Do They Get Exploited?

The straight answer is yes. At a workplace or, say, a project, a giver will always find himself at the receiving end of exploitation among a group of people. There has been significant research that says the givers leave no stone unturned to exploit the givers. And guess what, in the field of academia, technical jobs, corporate houses; everywhere, the takers are victorious!  That explains how givers put themselves in jeopardy to uplift others and let everyone walk ahead, leaving them behind. 

Something in Between

So, seemingly, it takes one to become a taker to gain significant success in life. But the truth is there is a middle point in the spectrum of givers and takers. And that group is called matcher. The matcher group is the one most of us eke out an existence in. Matchers are hardcore believers of the ‘give and take’ law of diplomacy. They respond to the favors done by others by reciprocating. Thus, they do not make it all about themselves; at the same time, they keep hold of their priorities. 

What Should You Become? 

The truth of being a strategic giver is, they do get to enjoy a lot of fringe benefits. Albeit a selfless giver is often a loser, a strategic giver is as good as a matcher, rather somewhat better in many instances. So, to keep up with your altruistic approach without letting others exploit you, the best way is to learn to become a strategic giver.  A matcher believes in the ‘tit for tat’ law; they give as good as they get and nothing beyond that.
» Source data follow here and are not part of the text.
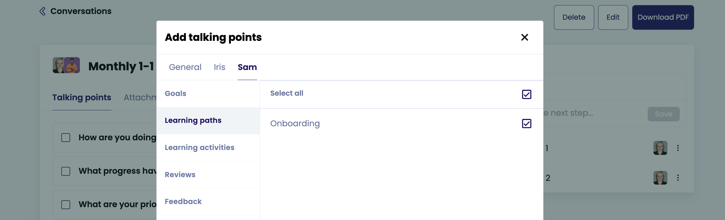 Both you and your coach can add the learning path or other learning activities you are working on as a talking point to your 1-1 conversations. You can easily click through to your learning path from the 1-1 conversation.
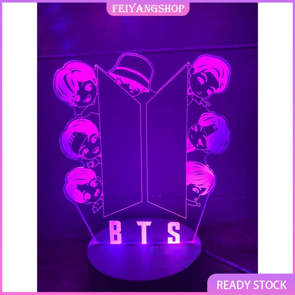 BTS LED Lamp Night Light Bangtan Boy Change Touch Remote Control Decor Lamp 3D Desk
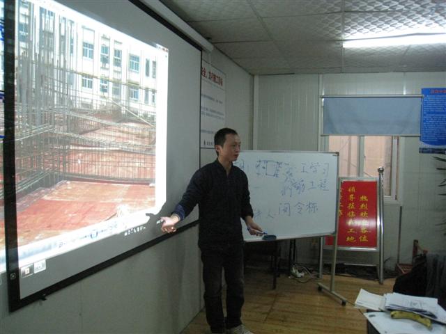 湖北地建承包公司大冶湖滨广场项目部为培养管理人员学习能力,加强业务知识,进一步提高管理水平,特举行为期两周,主题分别为测量工程、模板工程、钢筋工程、混凝土工程、抹灰施工工艺、工程预算和安全管理等七个课题的学习交流活动。主讲人分别为项目部各工种工长和相关岗位人员。大家作面对面的交流,气氛十分热烈,这次活动也为打造“学习型项目部”,提高工程管理水平起到极大的促进作用。
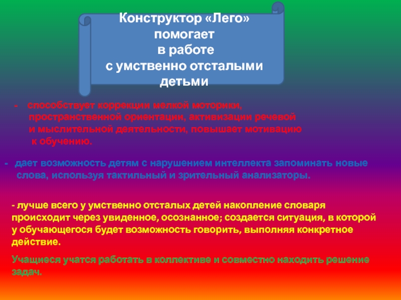 - лучше всего у умственно отсталых детей накопление словаря происходит через увиденное, осознанное; создается ситуация, в которой у обучающегося будет возможность говорить, выполняя конкретное действие.
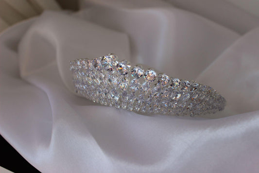 Silver wedding crowns are ideal for brides who want to embrace a timeless, classic style. Their neutral, cool tones suit most colour palettes, making them a versatile choice for any bridal theme. A silver crown adds just the right amount of sparkle without overpowering your gown, letting your beauty shine through.
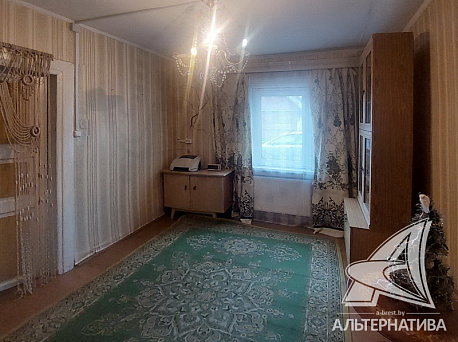Двухкомнатная квартира в блокированном жилом доме до 1917 года постройки в северо-западной части города Бреста. Стены из строительного бруса, отделка фасада - деревянная вагонка; кровля – шифер. Установлены частично окна ПВХ. Общая площадь 45,2 кв.м, жилая 24,0 кв.м. Смежная планировка: две небольшие жилые комнаты, проходная кухня 12,3 кв.м, санузел и прихожая. Комнаты в жилом состоянии: потолки 2,55 м окрашены краской, стены оклеены обоями в совмещенной технике, полы – окрашенная доска. Практичная мебель расставлена с учетом параметров помещений.
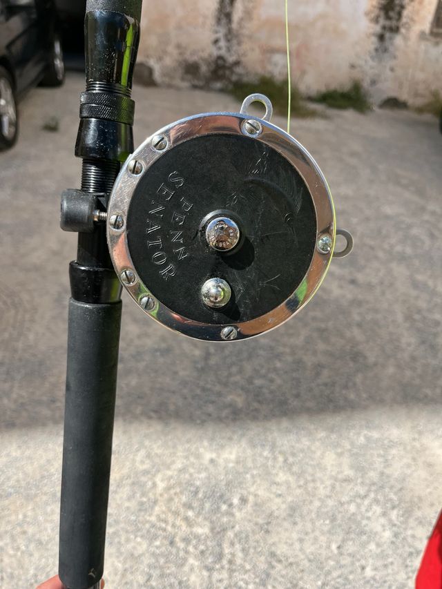 Se vende caña de pesca SHIMANO junto con un carrete PENN Senator 9/0. - Carrete PENN Senator 9/0. - Caña de pesca SHIMANO.

A strategic giver does not stick to that hard and fast rule; they strategically lend their helping hand to others without gambling on their advantages. But at the same time, like an ideal giver, they also expect nothing in return.

Who Wins, Then? 

British-American novelist Frances Hodgson Burnett jotted it down in the most beautiful way that if you are organically a giver, there will be moments when your pocket will be empty but your heart will always be warm and filled to the brim—and that is the ultimate truth of utmost happiness. 

Conclusion

No matter how successful a taker outwardly seems to be, a giver wins in the long run. But a strategic giver wins every leap in the dark because they are selfless too, and smart enough to not expose themselves to danger! So, be a giver but protect your sanity also!